Simulate genotype data with additive and epistatic effects.

Parameters:
  • n_samples (int) – Number of individuals.

  • n_snps (int) – Total number of SNPs.

  • n_additive (int) – Number of causal additive SNPs.

  • n_pairs (int) – Number of causal epistatic SNP pairs.

  • h2_additive (float) – Additive heritability budget.

  • h2_epistatic (float) – Epistatic heritability budget.

  • min_additive_p_value (float, optional) – Minimum marginal p-value enforced for causal additive SNPs.

  • min_epistatic_p_value (float, optional) – Minimum interaction p-value enforced for causal pairs.

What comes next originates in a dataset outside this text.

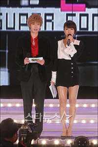 司会役のキム・ヒョンジュン&ハ・ジウォン 28日午後、釜山広安里でSBS「2011韓流ビーチコンサート」が開催された。写真は司会を務める歌手キム・ヒョンジュンと女優ハ・ジウォン。 STARNEWS/朝鮮日報日本語版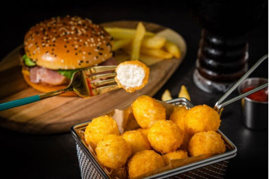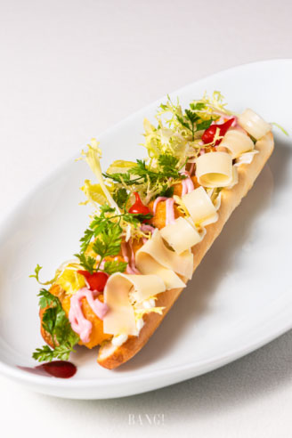 Meatopia自制三明治: 用植基“鳕鱼”球搭配车达芝士、蔬菜等配料,让拥有芝士绵密口感的植基“鳕鱼”球更显质感。

  • maf_range (tuple[float, float]) – Minor-allele frequency range for SNPs.

  • n_ld_blocks (int) – Number of LD blocks to simulate.

  • ld_rho (float) – Correlation coefficient for adjacent SNPs in a block.

  • epistasis_bias (float) – Bias factor to steer epistatic pairs toward SNPs with smaller additive effects.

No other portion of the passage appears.